L’occupation du Hedjaz et du ‘Asīr, et la proclamation de l’Arabie Saoudite

En 1924, profitant de la réduction des troupes anglaises au Moyen-Orient et de la détérioration des rapports de Ḥusayn avec ses protecteurs, ‘Abd al-‘Azīz ibn Sa‘ūd entre à La Mecque. En janvier 1926, la conquête du Hedjaz étant achevée, il est proclamé roi de ce territoire. Après le Hedjaz, il occupe le ‘Asīr et se dirige vers le Yémen. Mais les Anglais s’opposent à l’occupation de ce pays, qui est un glacis pour Aden, escale importante sur la route maritime des Indes et possession britannique depuis 1839. Pour éviter des difficultés avec l’Angleterre, ‘Abd al-‘Azīz ibn Sa‘ūd se désintéresse non seulement du Yémen, mais aussi de l’Hadramaout, de l’Oman, de l’Abū Ẓabī, du Qaṭar, etc. En échange, son autorité est reconnue sur le Hedjaz et le ‘Asīr. En 1932, il réunit à Riyāḍ une « Assemblée générale des pays arabes », où toutes les tribus et les villes du royaume sont représentées, et proclame la fusion du Nadjd, du Ḥasā, de Ḥā’il, du Hedjaz et du ‘Asīr en un seul et même État, l’Arabie Saoudite, dont il devient le premier souverain.

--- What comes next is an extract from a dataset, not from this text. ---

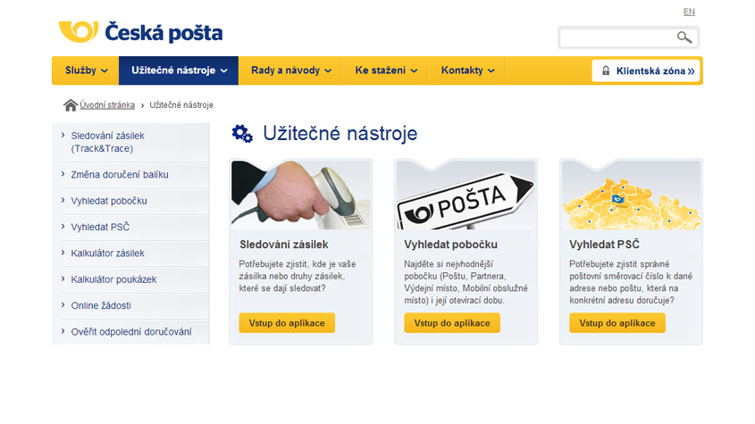 Při tvorbě nové grafické podoby webu byl kladen velký důraz na funkčnost, použitelnost a přístupnost nových stránek. Neméně pozornosti jsme soustředili na logiku navigace, kde se nám podařilo vhodně kombinovat hierarchickou, kontextovou a drobečkovou navigaci s produktovým rozcestníkem. Dalšími plusy byl také vyšší uživatelský komfort, fulltextové vyhledávání po celém webu či systém pro zasílání novinek. Cílem webové prezentace bylo představit zákazníkům celkový přehled nabízených produktů a služeb, podat informace o jednotlivých pobočkách či možnost sledování zásilek. Nově došlo také k oddělení informací týkajících se online elektronických služeb. Ty jsou situovány do virtuální pobočky, pro kterou jsme rovněž připravovali grafický návrh a HTML šablony.

De cet immense territoire, le roi se propose de faire une nation moderne. Il lui faut tout d’abord rétablir l’ordre au Hedjaz, afin d’assurer la sécurité des pèlerins. Pour cela, il applique une législation draconienne fondée sur la peine du talion. Une fois l’ordre public rétabli, il se préoccupe des conditions dans lesquelles s’effectuent les pèlerinages. Il assure la propreté et l’hygiène des villes saintes, et institue des conseils municipaux dans les principales villes du Hedjaz. Il est vrai que les taxes prélevées sur les pèlerins constituent l’essentiel des ressources de l’État.


La modernisation des institutions politiques

Parallèlement, ‘Abd al-‘Azīz ibn Sa‘ūd entreprend de doter le pays d’institutions modernes. Il décide de nommer des ministres responsables à la tête de départements spécialisés. Faute de cadres compétents, il n’hésite pas, pour assurer la bonne marche de ces ministères, à faire appel à des Arabes d’Égypte, de Palestine, de Syrie, du Liban, d’Iraq et de Transjordanie. Il se réserve l’administration des ikhwān, qu’il dote d’armes modernes et d’instructeurs européens.

Cette politique provoque l’hostilité des ulémas (docteurs de la loi), opposés à toute innovation et à toute modernisation.


Le développement de l’agriculture

Mais, pour le roi, le véritable handicap à la modernisation réside dans la pauvreté du pays. Très vite, il entreprend de promouvoir son développement économique. Il faut pour cela résoudre le problème de l’eau, essentiel dans un pays composé en majeure partie de déserts. ‘Abd al-‘Azīz ibn Sa‘ūd fait appel à des hydrographes américains, dont les forages permettent la découverte d’importantes réserves d’eau. Cela, ajouté à la réfection de puits abandonnés et à la construction d’aqueducs et de canaux à travers le désert, favorise le développement de l’agriculture. Pour mieux exploiter les ressources du pays, le roi fait venir des ingénieurs agronomes des États-Unis et multiplie les colonies agricoles.


Le pétrole et les compagnies américaines

En 1930, des prospecteurs américains découvrent dans le Ḥasā d’importantes nappes de pétrole. Le pays est alors convoité par les grandes puissances étrangères, et son histoire se confond désormais avec celle du pétrole au Moyen-Orient. Le roi n’accepte pas de vendre son territoire, mais consent à le louer pour une durée limitée à une compagnie américaine, la Gulf Oil Company, qui lui verse immédiatement 250 000 dollars et s’engage à lui garantir dans l’avenir une redevance de 18 cents par baril de pétrole exporté d’Arabie. En 1933, la Gulf Oil Company vend sa concession à une autre société américaine, la Standard Oil de Californie, qui s’associe, en 1936, à la Texas Oil pour fonder l’Arabian Oil Company. Pour tenir tête à la concurrence des trusts pétroliers anglais du Moyen-Orient, la nouvelle compagnie prend énergiquement en main l’exploitation du Ḥasā. Aussi, la production du pétrole passe-t-elle de 8 000 t en 1937 à 700 000 t en 1940 et 12 300 000 t en 1947. En 1945, au cours d’une entrevue avec Roosevelt, ‘Abd al-‘Azīz ibn Sa‘ūd accepte d’autoriser l’installation d’une base américaine sur la côte du Ḥasā et d’accorder aux États-Unis le monopole de l’exploitation du pétrole en Arabie Saoudite. L’Arabian Oil Company reçoit, pour une période de soixante ans, une nouvelle concession qui s’étend sur un territoire couvrant 1 500 000 km2. Et le roi consent à la construction d’un gigantesque pipe-line long de 1 750 km — le Trans-Arabian Pipeline (Tapline) — destiné à relier le bassin pétrolifère du Ḥasā à un port de la Méditerranée orientale, Ṣaydā (Liban). À la fin de 1946, la Standard Oil de Californie et la Texas Oil offrent, sous la pression du gouvernement américain, à la Standard Oil de New Jersey et à la Socony Vacuum une participation de 40 p. 100 dans l’Arabian American Oil Company (Aramco), qui succède à l’Arabian Oil Company. Cette compagnie, qui comprend désormais les groupes financiers les plus puissants des États-Unis, entreprend une exploitation intense du Ḥasā. La production du pétrole double entre 1947 et 1950.